Since Statcast data became publicly available in 2015, one of its main uses has been to analyze individual hitters, with exit velocity and launch angle combinations beginning to replace the soft, medium, and hard contact distinctions that previously characterized batted balls. While there’s nothing wrong with knowing exactly how hard Giancarlo Stanton hits his home runs, or even his double play balls, Statcast has the potential to be so much more. By measuring exactly where each defender is on the field prior to each pitch, combined with the batted ball data (i.e. exit velocity and launch angle) that Statcast provides, Statcast has the potential to cut through the noise and/or guess work that traditional advanced defensive statistics like ultimate zone rating (UZR), defensive runs saved (DRS), or park adjusted defensive efficiency (PADE) possess. In doing so Statcast can provide perhaps the most effective measure of a position player’s true defensive talent. Unfortunately, MLB does not yet make any defensive Statcast metrics publicly available (although they’ve provided interesting visuals in this regard). While this means it’s currently not possible to evaluate individual defense performance using only Statcast data, enough publicly available Statcast batted ball data exists to help lay the ground work for the creation of a team-wide Statcast dependent defensive metric to hold fans over until MLB does release additional defensive Statcast data. With that in mind, I set out to create a rudimentary defensive metric (Statcast Defensive Efficiency) to measure an individual MLB team’s defensive ability based on the probability a batter would reach base (i.e. via single, double, triple, home run, fielding error, or fan interference) using the individual Statcast exit velocity and launch angle combinations for each ball in play for both the 2015 and 2016 seasons. To do this I utilized a general additive model (GAM), which has been used a couple of times before in Exploring Baseball with R.
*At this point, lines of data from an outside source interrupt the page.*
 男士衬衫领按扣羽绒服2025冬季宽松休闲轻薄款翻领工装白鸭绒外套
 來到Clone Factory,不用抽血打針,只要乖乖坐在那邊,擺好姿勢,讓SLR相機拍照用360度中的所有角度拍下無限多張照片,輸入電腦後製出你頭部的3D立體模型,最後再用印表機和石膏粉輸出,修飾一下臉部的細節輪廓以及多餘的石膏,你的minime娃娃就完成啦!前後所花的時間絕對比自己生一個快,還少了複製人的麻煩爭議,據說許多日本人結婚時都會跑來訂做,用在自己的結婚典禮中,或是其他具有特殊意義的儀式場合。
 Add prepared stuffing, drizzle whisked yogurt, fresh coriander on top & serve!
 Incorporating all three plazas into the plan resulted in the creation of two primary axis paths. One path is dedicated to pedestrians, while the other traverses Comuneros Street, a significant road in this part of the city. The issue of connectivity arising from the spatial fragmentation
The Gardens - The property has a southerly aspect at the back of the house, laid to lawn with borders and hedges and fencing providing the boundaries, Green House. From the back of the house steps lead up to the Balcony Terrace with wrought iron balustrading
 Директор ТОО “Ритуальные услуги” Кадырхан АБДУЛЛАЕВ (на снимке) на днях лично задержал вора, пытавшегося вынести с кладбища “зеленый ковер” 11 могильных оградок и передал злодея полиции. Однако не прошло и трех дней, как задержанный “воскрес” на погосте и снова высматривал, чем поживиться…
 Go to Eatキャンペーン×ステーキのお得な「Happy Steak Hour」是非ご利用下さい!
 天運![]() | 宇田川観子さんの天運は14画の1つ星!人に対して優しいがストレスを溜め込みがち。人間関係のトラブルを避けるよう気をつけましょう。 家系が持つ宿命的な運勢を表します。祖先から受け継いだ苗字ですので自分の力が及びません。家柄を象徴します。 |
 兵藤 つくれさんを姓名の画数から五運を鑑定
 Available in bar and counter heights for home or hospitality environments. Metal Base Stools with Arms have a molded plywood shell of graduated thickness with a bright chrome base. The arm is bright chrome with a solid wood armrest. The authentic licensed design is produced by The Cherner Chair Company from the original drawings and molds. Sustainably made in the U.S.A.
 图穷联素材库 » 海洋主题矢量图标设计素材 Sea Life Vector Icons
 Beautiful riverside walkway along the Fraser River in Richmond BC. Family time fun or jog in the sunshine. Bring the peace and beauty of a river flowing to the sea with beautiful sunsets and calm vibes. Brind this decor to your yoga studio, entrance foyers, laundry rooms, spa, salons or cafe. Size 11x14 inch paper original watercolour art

First, let me explain how I compiled the Statcast data. I went to baseballsavant.com and then to the Statcast Search section. From here I entered in the maximum and minimum ranges for launch angle and exit velocity on an individual team-by-team basis for both 2015 and 2016 (60 total CSV files). Please note that there may be a faster way to compile this data, but this was the most efficient way I came up with. After doing this I ended up with a preliminary sample size of 224,266 balls in play between the 2015 and 2016 regular seasons. As Statcast was initially rolled out in 2015, there were some kinks that still needed to be worked in the collection of the batted ball data; to be clear, this data is far from from perfect or complete. To try and combat this I removed all balls in play for 2015 and 2016 that had a listed exit velocity of zero. This brought my total balls in play down from 112,455 to 111,995 in 2015, and 111,811 to 111,809 in 2016. Altogether I ended up with 223,764 balls in play to sample from across the 2015 and 2016 regular seasons.
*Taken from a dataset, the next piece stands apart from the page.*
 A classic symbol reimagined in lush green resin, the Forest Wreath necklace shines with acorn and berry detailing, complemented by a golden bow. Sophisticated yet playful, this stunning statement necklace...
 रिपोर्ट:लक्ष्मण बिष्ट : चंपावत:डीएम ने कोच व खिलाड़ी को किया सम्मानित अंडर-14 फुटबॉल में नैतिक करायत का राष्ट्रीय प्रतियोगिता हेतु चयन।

Next, I created some plots using the GAM that illustrate what combination of exit velocity vs. launch angle typically have higher reach base probabilities for both the 2015 and 2016 seasons.

screen-shot-2016-10-17-at-3-21-02-pm

screen-shot-2016-10-17-at-4-21-45-pm While the above two graphs give an overall view of what combinations of exit velocity vs. launch angle lead to high reach base probabilities, I’ve synthesized the main ideas in the following plots below. For both the 2015 and 2016 season, I plotted ground balls (zero degree launch angle), line drives (fifteen degrees), and fly balls (thirty degrees) in conjunction with exit velocity vs. reach base probabilities.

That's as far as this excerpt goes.